IN WITNESS WHEREOF, the Company has caused this instrument to be duly
executed under its corporate seal.
Dated:
Xxx Xxxxx Resources Funding Corp.
By __________________________________
Section 203. Form of Reverse of Security.
This Security is one of a duly authorized issue of securities of the
Company (herein called the "Securities"), issued and to be issued in one or more
series under an Indenture, dated as of ____________, 200__ (herein called the
"Indenture", which term shall have the meaning assigned to it in such
instrument), between the Company, Xxx Xxxxx, Inc., a corporation organized under
the laws of the State of Delaware, as guarantor (herein called the "Guarantor")

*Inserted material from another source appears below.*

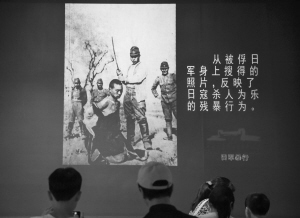 日軍虐待和殘殺戰俘的罪行,也展示在主題展覽中。有一組照片來自美國《生活》雜志,照片顯示日軍軍官先用劍刺殺一名中國戰俘,隨后,日軍士兵用刺刀繼續進行“刺殺練習”,其殘忍和野蠻令人發指。
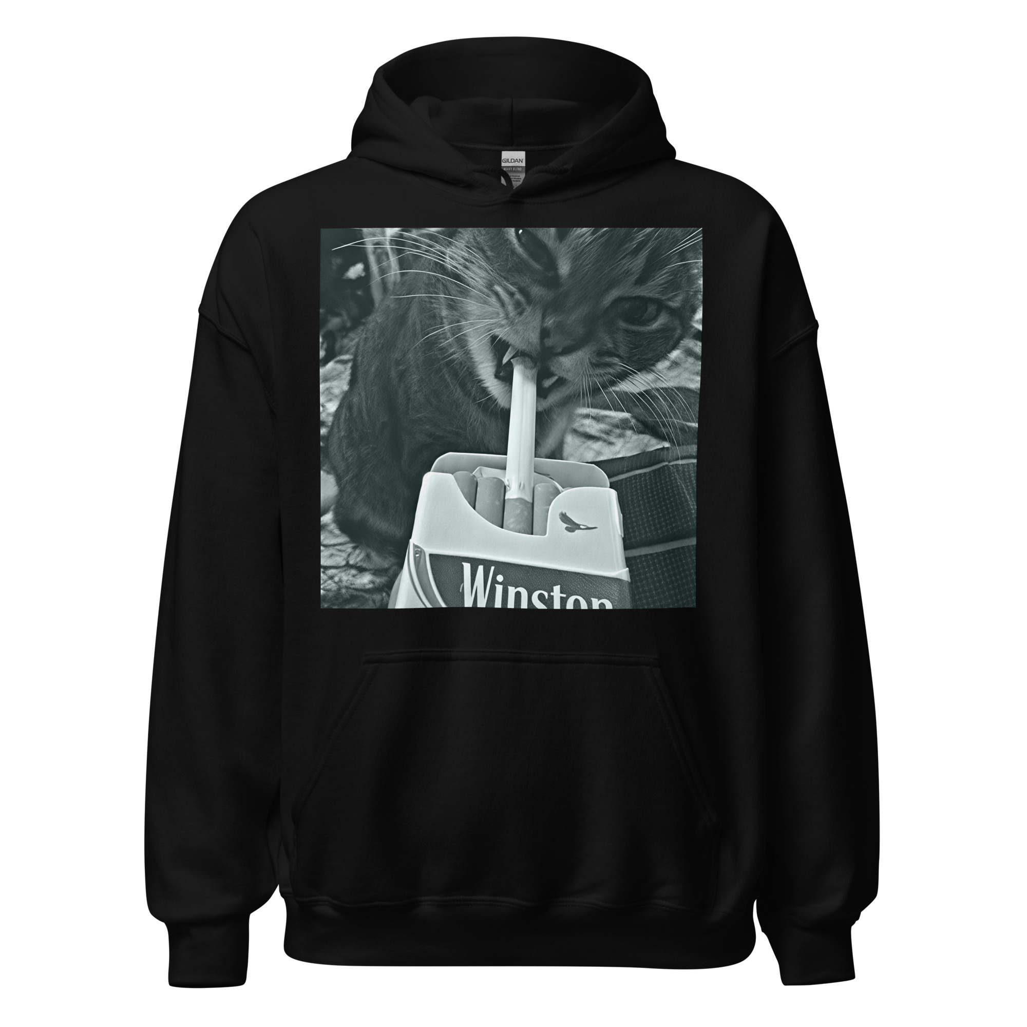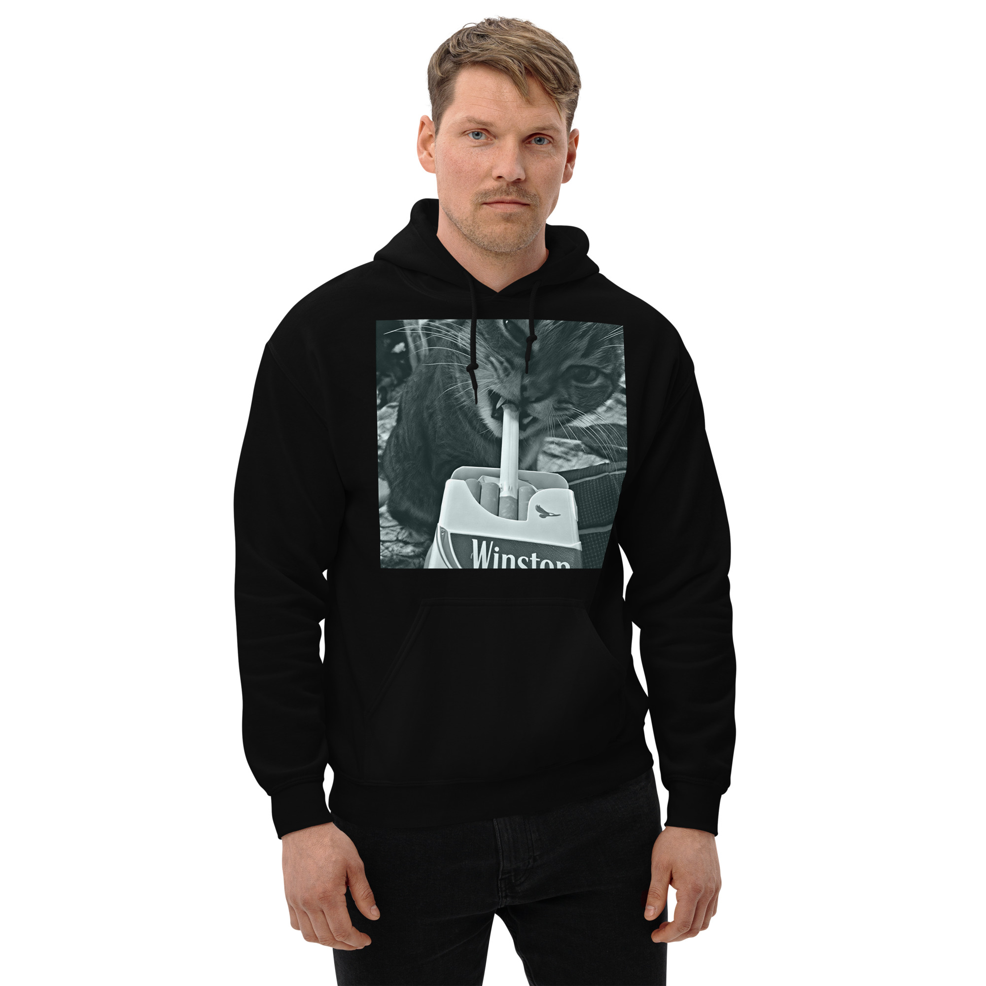 Hoodie i unisex-modell tillverkad i en fin kvalitet i blandad bomull och polyester. På framsidan återfinns ett stort motiv med en katt som röker som dekoration. Hoodien håller värmen riktigt bra och har ett otroligt mjukt tyg.

and _______________________________, as Trustee (herein called the "Trustee",
which term includes any successor trustee under the Indenture), and reference is
hereby made to the Indenture for a statement of the respective rights,
limitations of rights, duties and immunities thereunder of the Company, the
Guarantor, the Trustee, the holders of Senior Debt and the Holders of the
Securities and of the terms upon which the Securities are, and are to be,
authenticated and delivered. This Security is one of the series designated on
the face hereof [if applicable, insert -- , limited in aggregate principal
amount to $____________].
All payments made by the Company under or with respect to the
Securities of this series and by the Guarantor under or with respect to the
Guarantee (the Issuer and the Guarantor being referred to for purposes of this
section "Additional Amounts" individually as an "Obligor" and collectively as
the "Obligors") will be made free and clear of, and without withholding or
deduction for or on account of, any present or future tax, duty, levy, impost,
assessment or other governmental charge imposed or levied by or on behalf of the
Government of Canada or of any province or territory thereof or by any authority
or
13
agency therein or thereof having power to tax (or the jurisdiction of
incorporation of any successor of any Obligor) (hereunder "Taxes"), unless the
applicable Obligor or any successor, as the case may be, is required to withhold
or deduct Taxes by law or by the interpretation or administration thereof by the
relevant governmental authority or agency. If any Obligor or any successor, as
the case may be, is so required to withhold or deduct any amount for or on
account of Taxes from any payment made under or with respect to the Securities
or the Guarantee, such Obligor will pay such additional amounts ("Additional
Amounts") as may be necessary so that the net amount received by each Holder
(including Additional Amounts) after such withholding or deduction will not be
less than the amount the Holder would have received if such Taxes had not been
withheld or deducted; provided that no Additional Amounts will be payable with
respect to a payment made to a Holder (an "Excluded Holder") in respect of a
beneficial owner (i) with which the Company does not deal at arm's length
(within the meaning of the Income Tax Act (Canada)) at the time of making such
payment or (ii) which is subject to such Taxes by reason of its being connected
with Canada or any province or territory thereof otherwise than by the mere
acquisition, holding or disposition of the Securities or the receipt of payments
thereunder. The Obligors will also (i) make such withholding or deduction and
(ii) remit the full amount deducted or withheld to the relevant government
authority in accordance with applicable law. The Obligors will furnish to the
Holders, within 30 days after the date the payment of any Taxes is due pursuant
to applicable law, certified copies of tax receipts evidencing such payment. The
Obligors will, jointly and severally, indemnify and hold harmless each Holder
(other than an Excluded Holder) and upon written request reimburse each such
Holder for the amount of (i) any Taxes so levied or imposed and paid by such
Holder as a result of payments made under or with respect to the Securities or
the Guarantee, (ii) any liability (including penalties, interest and expenses)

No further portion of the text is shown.